O gnosticismo era uma versão herética do cristianismo que
entrou em cena principalmente no segundo século e que tentou competir com os
cristãos ortodoxos. E parece que alguns académicos olham para trás e desejam
que os gnósticos tivessem prevalecido.
Afinal de contas, argumenta-se, o cristianismo tradicional
era tacanho, dogmático, intolerante, elitista e mesquinho, enquanto o
gnosticismo era aberto, acolhedor, tolerante e amoroso. Se pudesse escolher,
qual escolheria?
Embora esta narrativa sobre o gnosticismo de espírito livre
sendo duramente oprimido pelos cristãos ortodoxos malvados e intolerantes possa
soar retoricamente convincente, isso simplesmente não é confirmado pelos
factos. Eis aqui cinco afirmações feitas
frequentemente sobre o gnosticismo que comprovadamente são mais mito do que
realidade:
Mito 1: O gnosticismo era mais popular do que o cristianismo
tradicional.
É dito repetidamente que os gnósticos estavam tão difundidos
quanto os cristãos ortodoxos, e que os seus livros também eram tão populares
(senão mais). A razão pela qual eles não prevaleceram é porque foram oprimidos
e reprimidos à força pelo partido ortodoxo que ganhou poder por meio de
Constantino.
Mas, isso simplesmente não é verdade. Todas as evidências
sugerem que foi “a Grande Igreja” (na linguagem do crítico pagão Celso) que
dominou os primeiros séculos cristãos, muito antes de Constantino. Além disso,
os escritos gnósticos não eram tão populares quanto aqueles que se tornaram
canónicos, como pode ser visto pelo número de manuscritos que deixaram. Por
exemplo, temos mais cópias apenas do Evangelho de João dos primeiros séculos do
que de todas as obras apócrifas juntas.
Mito 2: O gnosticismo era mais inclusivo e de mente aberta
do que o cristianismo tradicional.
Uma perceção popular dos gnósticos é que eles não tinham a
mentalidade elitista do cristianismo tradicional. É dito que eles eram os que
aceitavam os outros.
Mas, novamente, parece que a realidade era o oposto. A
maioria das pessoas não sabe que os gnósticos não estavam interessados na
salvação de todos. Pelo contrário, eles consideravam a salvação algo apenas
para a “elite espiritual”.
Como Hultgren afirma: “A atitude destes gnósticos era extremamente elitista, pois eles sustentavam que apenas um em mil ou dois em dez
mil são capazes de conhecer os segredos [da salvação]” (Normative Christianity,
99).
Mito 3: O gnosticismo reflete com mais precisão os ensinamentos
do Jesus histórico do que o cristianismo tradicional.
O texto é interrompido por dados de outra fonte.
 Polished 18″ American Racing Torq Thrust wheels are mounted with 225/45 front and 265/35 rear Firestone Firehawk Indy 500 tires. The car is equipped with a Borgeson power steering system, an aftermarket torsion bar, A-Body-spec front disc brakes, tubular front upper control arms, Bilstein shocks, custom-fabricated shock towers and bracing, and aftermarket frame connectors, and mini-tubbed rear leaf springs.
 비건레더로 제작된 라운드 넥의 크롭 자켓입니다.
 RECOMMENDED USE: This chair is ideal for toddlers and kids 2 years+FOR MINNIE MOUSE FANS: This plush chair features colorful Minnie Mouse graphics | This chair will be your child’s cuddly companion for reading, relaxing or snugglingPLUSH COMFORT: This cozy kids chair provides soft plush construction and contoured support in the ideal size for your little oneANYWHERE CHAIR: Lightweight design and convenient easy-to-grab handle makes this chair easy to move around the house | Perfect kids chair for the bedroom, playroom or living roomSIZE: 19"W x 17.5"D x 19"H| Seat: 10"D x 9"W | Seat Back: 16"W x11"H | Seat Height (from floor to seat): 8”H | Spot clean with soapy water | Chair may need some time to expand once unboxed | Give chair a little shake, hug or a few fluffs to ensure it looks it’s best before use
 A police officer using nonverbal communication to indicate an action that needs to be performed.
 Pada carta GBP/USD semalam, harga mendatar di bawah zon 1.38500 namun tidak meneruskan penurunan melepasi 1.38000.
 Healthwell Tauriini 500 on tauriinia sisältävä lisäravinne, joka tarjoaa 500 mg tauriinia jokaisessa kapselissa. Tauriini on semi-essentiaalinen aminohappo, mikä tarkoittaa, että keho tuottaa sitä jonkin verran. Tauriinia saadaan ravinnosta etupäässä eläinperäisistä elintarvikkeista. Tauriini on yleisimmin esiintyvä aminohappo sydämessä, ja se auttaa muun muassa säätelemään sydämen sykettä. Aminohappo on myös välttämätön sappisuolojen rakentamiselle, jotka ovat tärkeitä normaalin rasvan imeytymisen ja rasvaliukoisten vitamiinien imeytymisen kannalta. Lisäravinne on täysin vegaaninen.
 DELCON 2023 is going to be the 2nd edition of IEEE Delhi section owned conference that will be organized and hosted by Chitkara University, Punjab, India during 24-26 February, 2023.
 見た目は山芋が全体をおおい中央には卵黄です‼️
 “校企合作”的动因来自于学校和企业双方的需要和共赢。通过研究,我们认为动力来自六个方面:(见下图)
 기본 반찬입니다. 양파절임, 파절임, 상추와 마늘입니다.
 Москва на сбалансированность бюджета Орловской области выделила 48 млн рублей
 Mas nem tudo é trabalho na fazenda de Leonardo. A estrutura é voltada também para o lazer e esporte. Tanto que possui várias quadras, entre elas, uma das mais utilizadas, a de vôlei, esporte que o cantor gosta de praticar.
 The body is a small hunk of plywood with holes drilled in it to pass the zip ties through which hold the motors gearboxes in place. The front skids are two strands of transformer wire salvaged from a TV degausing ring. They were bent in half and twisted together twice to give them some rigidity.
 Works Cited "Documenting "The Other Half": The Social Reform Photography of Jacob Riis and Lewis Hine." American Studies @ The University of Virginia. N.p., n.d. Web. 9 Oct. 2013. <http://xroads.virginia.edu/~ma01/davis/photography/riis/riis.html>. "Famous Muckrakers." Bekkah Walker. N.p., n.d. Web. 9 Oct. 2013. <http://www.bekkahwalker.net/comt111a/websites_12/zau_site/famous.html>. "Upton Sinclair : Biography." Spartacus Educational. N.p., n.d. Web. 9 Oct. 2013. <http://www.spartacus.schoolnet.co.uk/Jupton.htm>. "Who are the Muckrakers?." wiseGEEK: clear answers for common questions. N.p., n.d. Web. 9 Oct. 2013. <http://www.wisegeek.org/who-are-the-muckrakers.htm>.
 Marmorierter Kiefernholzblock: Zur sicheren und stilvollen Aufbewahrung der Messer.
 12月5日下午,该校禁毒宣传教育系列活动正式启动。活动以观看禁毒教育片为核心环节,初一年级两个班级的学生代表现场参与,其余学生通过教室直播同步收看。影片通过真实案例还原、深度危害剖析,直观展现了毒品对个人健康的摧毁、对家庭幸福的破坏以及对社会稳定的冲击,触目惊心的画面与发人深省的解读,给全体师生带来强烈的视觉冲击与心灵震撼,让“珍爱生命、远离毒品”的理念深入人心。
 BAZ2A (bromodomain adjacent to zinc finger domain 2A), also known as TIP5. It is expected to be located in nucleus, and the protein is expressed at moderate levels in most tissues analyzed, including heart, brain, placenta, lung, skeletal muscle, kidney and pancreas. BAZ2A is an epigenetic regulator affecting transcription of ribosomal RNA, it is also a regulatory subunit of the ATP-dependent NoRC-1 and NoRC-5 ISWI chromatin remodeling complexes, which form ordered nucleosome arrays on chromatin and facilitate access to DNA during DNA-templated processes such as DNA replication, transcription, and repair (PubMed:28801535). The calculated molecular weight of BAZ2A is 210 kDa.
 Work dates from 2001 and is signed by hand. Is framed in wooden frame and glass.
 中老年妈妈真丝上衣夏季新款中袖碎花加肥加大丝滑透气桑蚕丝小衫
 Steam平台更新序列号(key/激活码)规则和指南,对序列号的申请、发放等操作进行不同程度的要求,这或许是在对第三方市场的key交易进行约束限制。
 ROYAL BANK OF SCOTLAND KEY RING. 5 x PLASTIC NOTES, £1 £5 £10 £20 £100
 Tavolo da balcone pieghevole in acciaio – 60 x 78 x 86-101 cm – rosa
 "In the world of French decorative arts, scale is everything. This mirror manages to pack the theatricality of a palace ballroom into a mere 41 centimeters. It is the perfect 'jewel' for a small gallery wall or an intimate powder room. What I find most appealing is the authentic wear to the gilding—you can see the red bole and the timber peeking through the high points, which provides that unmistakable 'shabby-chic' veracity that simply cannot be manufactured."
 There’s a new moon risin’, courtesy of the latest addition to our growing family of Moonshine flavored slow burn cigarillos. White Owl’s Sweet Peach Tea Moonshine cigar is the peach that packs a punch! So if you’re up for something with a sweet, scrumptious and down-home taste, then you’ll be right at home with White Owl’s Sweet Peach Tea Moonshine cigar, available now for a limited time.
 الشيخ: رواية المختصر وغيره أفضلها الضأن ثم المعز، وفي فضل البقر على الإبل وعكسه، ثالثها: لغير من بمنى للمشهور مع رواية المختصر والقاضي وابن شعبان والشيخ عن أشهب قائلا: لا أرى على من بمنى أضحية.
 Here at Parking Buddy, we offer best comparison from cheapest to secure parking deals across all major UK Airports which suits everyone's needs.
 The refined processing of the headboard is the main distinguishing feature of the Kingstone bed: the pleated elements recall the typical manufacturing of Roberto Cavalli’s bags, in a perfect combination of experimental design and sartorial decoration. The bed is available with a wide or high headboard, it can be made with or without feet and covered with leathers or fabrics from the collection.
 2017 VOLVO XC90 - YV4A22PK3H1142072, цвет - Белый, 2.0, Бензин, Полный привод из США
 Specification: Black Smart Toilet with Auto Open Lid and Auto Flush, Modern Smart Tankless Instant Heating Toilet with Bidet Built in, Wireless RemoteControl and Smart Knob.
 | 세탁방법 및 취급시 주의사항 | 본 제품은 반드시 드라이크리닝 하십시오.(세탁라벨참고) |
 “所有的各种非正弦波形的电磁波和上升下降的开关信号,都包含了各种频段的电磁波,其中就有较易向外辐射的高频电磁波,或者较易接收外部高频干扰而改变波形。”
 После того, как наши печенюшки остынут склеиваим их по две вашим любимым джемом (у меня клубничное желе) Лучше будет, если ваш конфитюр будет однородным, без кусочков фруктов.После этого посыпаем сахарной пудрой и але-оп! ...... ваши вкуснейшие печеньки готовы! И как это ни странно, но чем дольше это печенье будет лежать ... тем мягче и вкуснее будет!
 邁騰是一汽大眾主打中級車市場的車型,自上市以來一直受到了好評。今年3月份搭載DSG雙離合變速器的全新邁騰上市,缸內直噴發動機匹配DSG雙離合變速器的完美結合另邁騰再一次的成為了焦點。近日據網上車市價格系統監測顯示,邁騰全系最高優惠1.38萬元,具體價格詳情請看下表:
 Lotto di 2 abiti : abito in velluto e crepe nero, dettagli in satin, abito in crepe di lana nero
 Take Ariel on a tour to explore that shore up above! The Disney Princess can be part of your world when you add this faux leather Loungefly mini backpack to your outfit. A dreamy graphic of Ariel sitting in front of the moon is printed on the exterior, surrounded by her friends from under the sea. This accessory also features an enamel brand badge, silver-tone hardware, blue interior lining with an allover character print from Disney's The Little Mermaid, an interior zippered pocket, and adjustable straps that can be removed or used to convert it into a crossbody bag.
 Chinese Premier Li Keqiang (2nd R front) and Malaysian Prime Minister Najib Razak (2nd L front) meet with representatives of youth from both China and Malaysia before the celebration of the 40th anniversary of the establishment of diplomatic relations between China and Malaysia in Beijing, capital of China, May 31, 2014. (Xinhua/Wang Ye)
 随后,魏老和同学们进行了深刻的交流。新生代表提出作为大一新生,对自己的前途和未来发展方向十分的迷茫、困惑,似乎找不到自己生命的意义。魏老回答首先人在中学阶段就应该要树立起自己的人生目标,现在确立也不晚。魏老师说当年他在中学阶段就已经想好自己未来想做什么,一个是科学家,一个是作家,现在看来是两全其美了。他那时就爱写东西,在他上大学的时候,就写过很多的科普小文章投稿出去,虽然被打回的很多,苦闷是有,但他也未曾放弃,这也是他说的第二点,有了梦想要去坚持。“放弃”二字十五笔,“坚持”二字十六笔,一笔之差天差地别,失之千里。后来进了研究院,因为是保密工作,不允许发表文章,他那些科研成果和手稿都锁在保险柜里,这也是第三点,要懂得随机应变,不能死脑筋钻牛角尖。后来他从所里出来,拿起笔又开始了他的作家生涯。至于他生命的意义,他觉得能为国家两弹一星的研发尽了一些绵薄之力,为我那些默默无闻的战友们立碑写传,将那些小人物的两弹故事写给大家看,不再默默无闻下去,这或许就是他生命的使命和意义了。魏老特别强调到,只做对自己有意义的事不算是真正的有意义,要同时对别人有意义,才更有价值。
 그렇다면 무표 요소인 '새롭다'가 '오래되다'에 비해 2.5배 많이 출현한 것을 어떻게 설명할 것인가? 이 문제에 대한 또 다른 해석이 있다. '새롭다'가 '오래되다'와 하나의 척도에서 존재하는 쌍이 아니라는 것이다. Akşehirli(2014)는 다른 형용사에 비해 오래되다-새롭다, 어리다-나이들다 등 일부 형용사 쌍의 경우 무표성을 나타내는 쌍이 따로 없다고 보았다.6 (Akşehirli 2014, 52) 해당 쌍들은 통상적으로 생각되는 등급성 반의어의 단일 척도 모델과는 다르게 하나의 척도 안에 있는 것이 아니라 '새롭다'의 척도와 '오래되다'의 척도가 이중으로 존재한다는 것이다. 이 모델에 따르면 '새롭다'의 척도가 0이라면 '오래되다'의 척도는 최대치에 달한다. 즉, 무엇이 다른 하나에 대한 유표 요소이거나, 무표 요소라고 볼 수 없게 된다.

Alguns têm argumentado que, se quisermos conhecer o Jesus
real, o Jesus histórico, os escritos gnósticos (como o Evangelho de Tomé)
fornecem uma imagem mais confiável.
Os problemas com tal afirmação são múltiplos, mas vou
mencionar apenas um: os gnósticos não estavam muito interessados no Jesus
histórico. Para os gnósticos, o que importava não era a tradição apostólica
transmitida, mas sim a sua experiência religiosa atual com o Jesus ressuscitado
(Jonathan Cahana, “None of Them Knew Me or My Brothers: Gnostic
Anti-Traditionalism and Gnosticism as a Cultural Phenomenon,” Journal of
Religion, 94 [2014]: 49-73).
Em outras palavras, os gnósticos se preocupavam muito menos
com o passado e muito mais com o presente.
Este tipo de abordagem “existencial” da religião pode ser
popular na nossa cultura moderna, onde a experiência comanda a vida e a
religião é vista como totalmente privada. Mas não ajuda a recuperar o que
realmente aconteceu na história. Se quisermos saber o que aconteceu na
história, os Evangelhos canónicos sempre foram as melhores fontes.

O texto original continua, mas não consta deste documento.